Долго эту ночь княжна Марья сидела у открытого окна в своей комнате, прислушиваясь к звукам говора мужиков, доносившегося с деревни, но она не думала о них. Она чувствовала, что, сколько бы она ни думала о них, она не могла бы понять их. Она думала все об одном – о своем горе, которое теперь, после перерыва, произведенного заботами о настоящем, уже сделалось для нее прошедшим. Она теперь уже могла вспоминать, могла плакать и могла молиться. С заходом солнца ветер затих. Ночь была тихая и свежая. В двенадцатом часу голоса стали затихать, пропел петух, из за лип стала выходить полная луна, поднялся свежий, белый туман роса, и над деревней и над домом воцарилась тишина.
Одна за другой представлялись ей картины близкого прошедшего – болезни и последних минут отца. И с грустной радостью она теперь останавливалась на этих образах, отгоняя от себя с ужасом только одно последнее представление его смерти, которое – она чувствовала – она была не в силах созерцать даже в своем воображении в этот тихий и таинственный час ночи. И картины эти представлялись ей с такой ясностью и с такими подробностями, что они казались ей то действительностью, то прошедшим, то будущим.
То ей живо представлялась та минута, когда с ним сделался удар и его из сада в Лысых Горах волокли под руки и он бормотал что то бессильным языком, дергал седыми бровями и беспокойно и робко смотрел на нее.
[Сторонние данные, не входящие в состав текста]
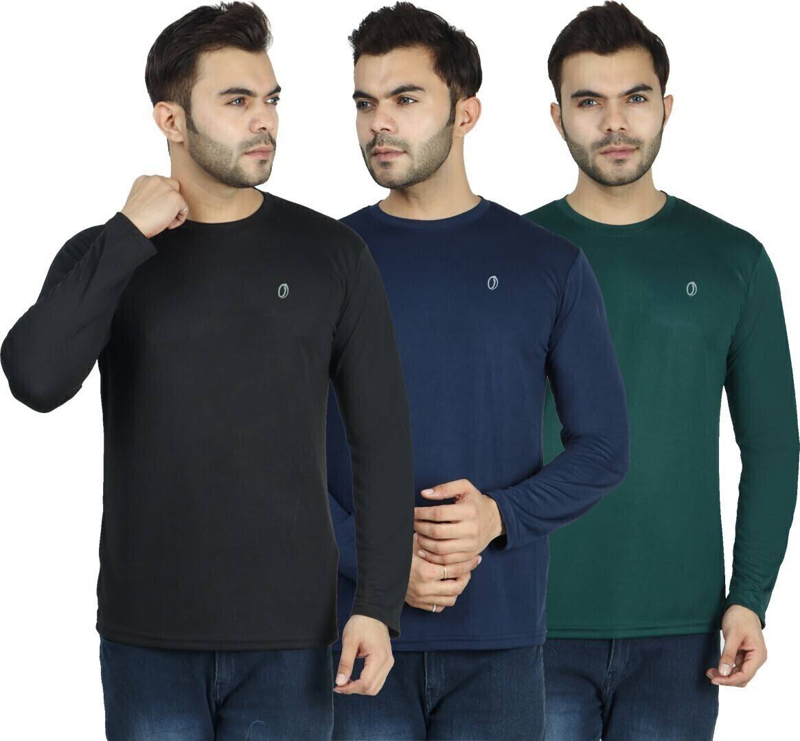 INDIZO Pack of 3 Men Solid Round Neck Polyester Multicolor T-Shirt

«Он и тогда хотел сказать мне то, что он сказал мне в день своей смерти, – думала она. – Он всегда думал то, что он сказал мне». И вот ей со всеми подробностями вспомнилась та ночь в Лысых Горах накануне сделавшегося с ним удара, когда княжна Марья, предчувствуя беду, против его воли осталась с ним. Она не спала и ночью на цыпочках сошла вниз и, подойдя к двери в цветочную, в которой в эту ночь ночевал ее отец, прислушалась к его голосу. Он измученным, усталым голосом говорил что то с Тихоном. Ему, видно, хотелось поговорить. «И отчего он не позвал меня? Отчего он не позволил быть мне тут на месте Тихона? – думала тогда и теперь княжна Марья. – Уж он не выскажет никогда никому теперь всего того, что было в его душе. Уж никогда не вернется для него и для меня эта минута, когда бы он говорил все, что ему хотелось высказать, а я, а не Тихон, слушала бы и понимала его. Отчего я не вошла тогда в комнату? – думала она. – Может быть, он тогда же бы сказал мне то, что он сказал в день смерти. Он и тогда в разговоре с Тихоном два раза спросил про меня. Ему хотелось меня видеть, а я стояла тут, за дверью. Ему было грустно, тяжело говорить с Тихоном, который не понимал его. Помню, как он заговорил с ним про Лизу, как живую, – он забыл, что она умерла, и Тихон напомнил ему, что ее уже нет, и он закричал: „Дурак“. Ему тяжело было. Я слышала из за двери, как он, кряхтя, лег на кровать и громко прокричал: „Бог мой!Отчего я не взошла тогда? Что ж бы он сделал мне? Что бы я потеряла? А может быть, тогда же он утешился бы, он сказал бы мне это слово“. И княжна Марья вслух произнесла то ласковое слово, которое он сказал ей в день смерти. «Ду ше нь ка! – повторила княжна Марья это слово и зарыдала облегчающими душу слезами. Она видела теперь перед собою его лицо. И не то лицо, которое она знала с тех пор, как себя помнила, и которое она всегда видела издалека; а то лицо – робкое и слабое, которое она в последний день, пригибаясь к его рту, чтобы слышать то, что он говорил, в первый раз рассмотрела вблизи со всеми его морщинами и подробностями.